Теперь они бились на мелководье, и под ногами лошадей плескалась вода. Хокмун видел, что Оладан справляется совсем неплохо, но затем мохнатый человечек вскрикнул и рухнул с седла. Хокмун не видел, что там произошло, потому что его самого сильно теснили, но он выругался и стал биться с пущей яростью.
Все сильнее сжималось вокруг него полукольцо, и Хокмун ощутил, что ему не хватает пространства, чтобы замахиваться мечом как следует. Он понял, что через несколько мгновений его схватят. Он продолжал драться изо всех сил, не слыша ничего, кроме звона металла, не чувствуя никаких запахов, кроме запаха крови.
Вдруг он заметил, что давление на него ослабло, и сквозь лес шпаг увидел, что у него появился союзник. Он видел этого человека и раньше, но только во сне, либо в видениях, близких ко сну. Это был рыцарь, который являлся к нему сначала во Франции, а потом в Камарге. Он был полностью закован в черные и золотые доспехи, большой шлем закрывал его лицо. Он бился мечом длиной футов шесть и сидел на коне серой масти, не уступавшем по величине лошади Хокмуна. С каждым его ударом падал один солдат, и вскоре в седлах осталось лишь несколько воинов Ордена Волка, которые, не выдержав, повернули своих коней и галопом поскакали прочь, оставив за собой убитых и раненых товарищей.
Хокмун увидел, как один из раненых поднимается на ноги, а рядом с ним встает еще один человек, и понял, что второй был Оладан.

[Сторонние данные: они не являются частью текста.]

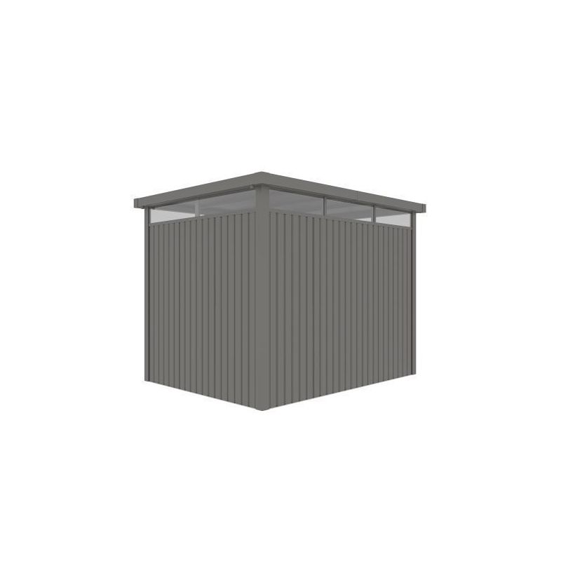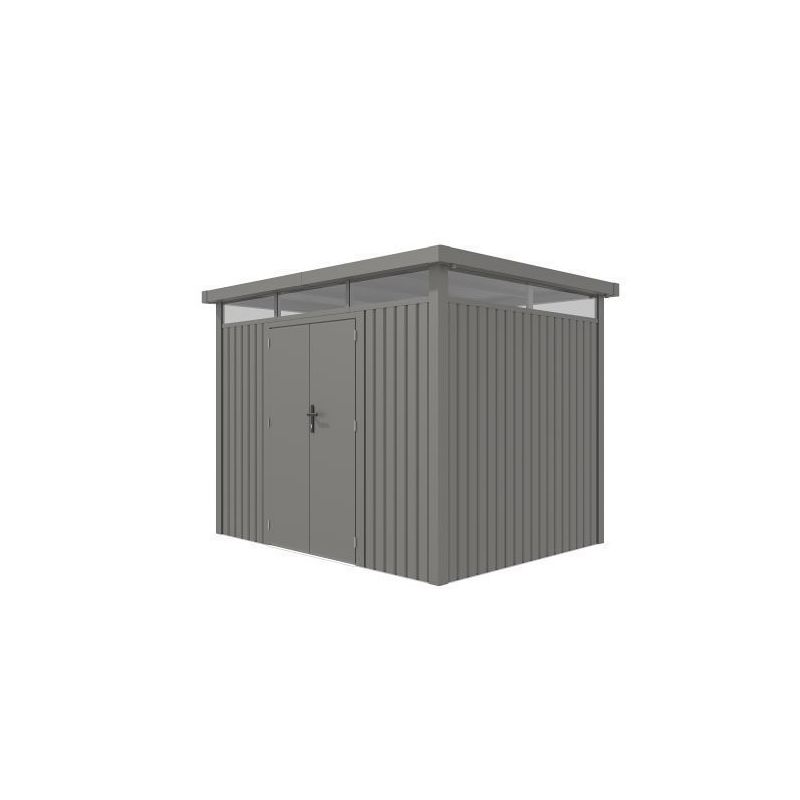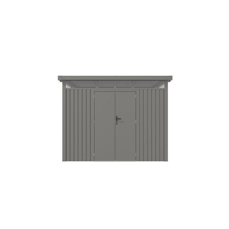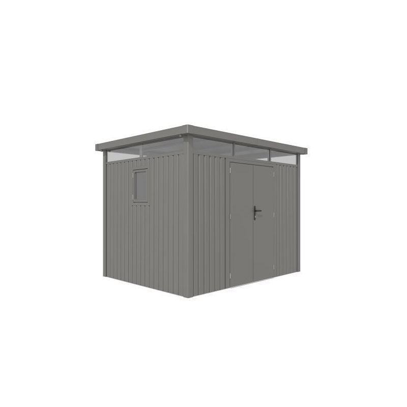 Zahradní domek v moderním designu se hodí do každé zahrady. Domek má dvojité křídlové dveře, které lze uzamknout. Vyroben z kvalitních ocelových plechů tloušťky 0,4 mm a kvalitního rámu zpozinkované oceli tloušťky 0,5 - 1,2 mm. Maximální zatížení střechy sněhem je 60 kg/m2. Jedno otevíratelné okno. Prosvětlené vrchní části panelů. Systém rychlého odvodu deště.
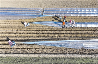 3月11日,丰南区岔河镇四神庄一村的农民在田间为刚播种的马铃薯覆膜(无人机照片)。

Оладан все еще держал в руках свою шпагу, отчаянно обороняясь от поднявшегося гранбретанца. Хокмун подстегнул свою лошадь по мелководью и сильным ударом сзади проткнул нападавшего на Оладана солдата, пробив его кольчугу и двойную кожаную куртку. Застонав, тот упал, и кровь его окрасила воду.
Хокмун повернулся туда, где на коне восседал Рыцарь в Черном и Золотом, наблюдая за ним спокойно и молча.
— Благодарю вас, милорд, — сказал Хокмун. — Вы прошли за мной долгий путь, если я правильно понимаю.
Он сунул свой меч в ножны.
— Более долгий, чем ты можешь себе представить или вообразить, Дориан Хокмун, — донесся до него богатый модуляциями красивый голос Рыцаря. — Ты едешь в Хамадан?
— Да, чтобы найти там волшебника Малагиджи.
— Прекрасно. Я поеду с тобой часть пути. Теперь осталось совсем немного.
— Но кто ты? Кого я должен благодарить?
— Я — Рыцарь в Черном и Золотом. Не надо благодарить меня за то, что я спас тебя. Ты еще не понимаешь, для чего я тебя спас. Поехали. — И с этими словами Рыцарь вывел их из озера. Немногим позже, когда они отдохнули и поели, Рыцарь, сидевший подогнув одну ногу под себя, поднял голову, когда Хокмун спросил:
— Скажи, ты знаешь этого Малагиджи? Согласится он помочь мне?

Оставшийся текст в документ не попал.